Raw Canonical Coefficients
Variable Label Can1 Can2
SepalLength Sepal Length (mm) -.0829377642 0.0024102149
SepalWidth Sepal Width (mm) -.1534473068 0.2164521235
PetalLength Petal Length (mm) 0.2201211656 -.0931921210
PetalWidth Petal Width (mm) 0.2810460309 0.2839187853


Output 29.1.7: Iris Data: Canonical Means

Class Means on Canonical Variables
Species Can1 Can2
Setosa -7.607599927 0.215133017
Versicolor 1.825049490 -0.727899622
Virginica 5.782550437 0.512766605


The TEMPLATE and SGRENDER procedures are used to create a plot of the first two canonical variables.
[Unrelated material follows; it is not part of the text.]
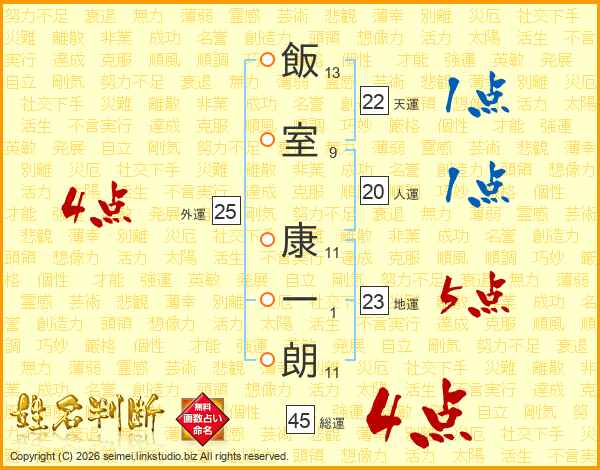 飯(13画)室(9画) 康(11画)一(1画)朗(11画)

The following statements produce Output 29.1.8:

proc template;
   define statgraph scatter;
      begingraph;
         entrytitle 'Fisher (1936) Iris Data';
         layout overlayequated / equatetype=fit
            xaxisopts=(label='Canonical Variable 1')
            yaxisopts=(label='Canonical Variable 2');
            scatterplot x=Can1 y=Can2 / group=species name='iris';
            layout gridded / autoalign=(topleft);
               discretelegend 'iris' / border=false opaque=false;
            endlayout;
         endlayout;
      endgraph;
   end;
run;

proc sgrender data=outcan template=scatter;
run;

Output 29.1.8: Iris Data: Plot of First Two Canonical Variables

Iris Data: Plot of First Two Canonical Variables


The plot of canonical variables in Output 29.1.8 shows that of the two canonical variables, Can1 has more discriminatory power.